Hexagon Vulnerability Disclosure Program

Introduction

The safety and security of customer data that is managed by Hexagon's products is an essential supporting component of Hexagon's Vision and Mission. We welcome the external security research community contribution to the security of our Products. If you believe you've found a security bugs in our products, we'll gladly work to resolve that issue.

Program Highlights

• Closed Scope: Only accepts reports based on the listed scope
• Coordinated Vulnerability Disclosure: Standard
• Top Response Efficiency: This program's response efficiency is above 90%
• Managed by HackerOne

Response Metrics:

• Average time to first response: 13 hours
• Average time to triage: 2 weeks, 5 days
• Average time to resolution: 1 month, 2 days

Disclosure Policy

• Please do not discuss this program or any vulnerabilities (even resolved ones) outside of the program without express consent from the organization.
• Follow HackerOne's disclosure guidelines.

Program Rules

• Please provide detailed reports with reproducible steps.
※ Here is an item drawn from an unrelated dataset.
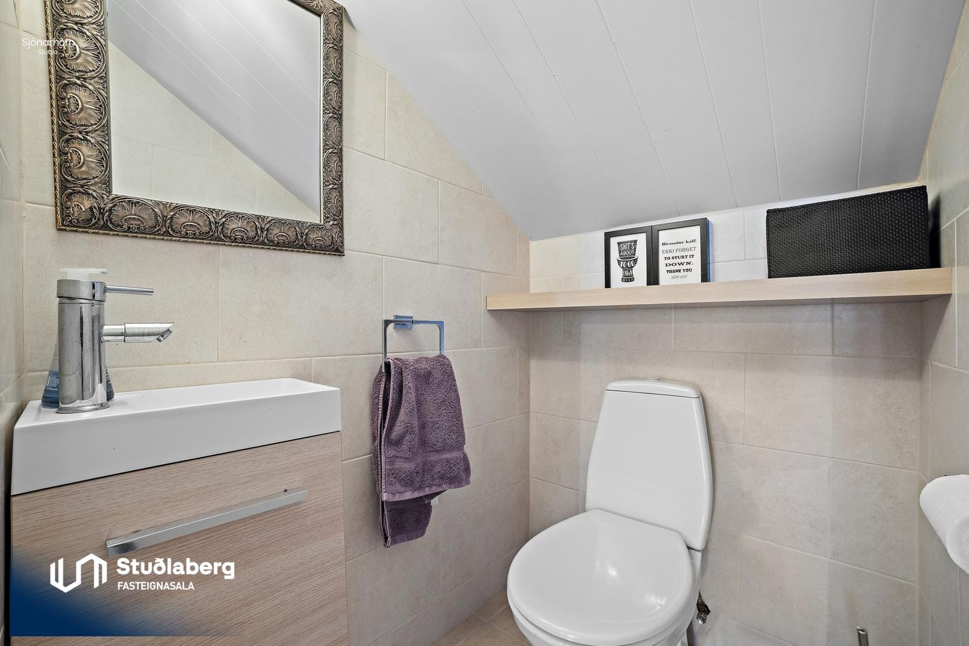 Baðherbergið hefur flísalagt gólf og veggi að hluta. Eikarinnrétting, upphengt salerni og rúmgóð sturta.
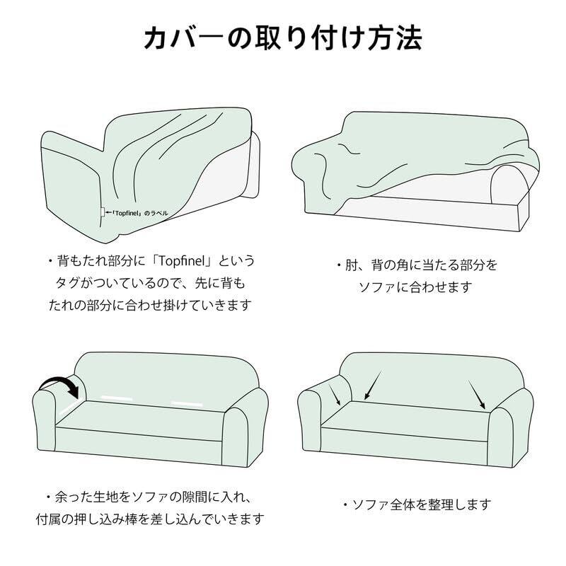 一人でも簡単に取り付け:下側には一周する幅広ゴムがついており、伸縮性、耐久性、滑り止め効果に優れています。背面両側にはラベルが付いていて、取付時に前後の向きを簡単に確認できます。ソファを持ち上げる必要がないので、女性一人でも簡単に取り付けが可能です!簡単に取り外して洗えるので、ソファをいつも清潔に保てます。

If the report is not detailed enough to reproduce the issue, the issue will not be eligible for a reward.
• Submit one vulnerability per report unless you need to chain vulnerabilities to provide impact.
• Social engineering (e.g., phishing, vishing, smishing) is prohibited.
• Make a good faith effort to avoid privacy violations, destruction of data, and interruption or degradation of our service.
• Ask the program team before submitting vulnerabilities on unscoped subdomains.
• Only interact with accounts you own or with the explicit permission of the account holder.

Test Plan

• Please use your hacker email alias when testing ([email protected])
• Researchers should add headers to requests such as: "X-HackerOne-Research: [H1 username]"

Scope Exclusions

Core Ineligible Findings are out of scope.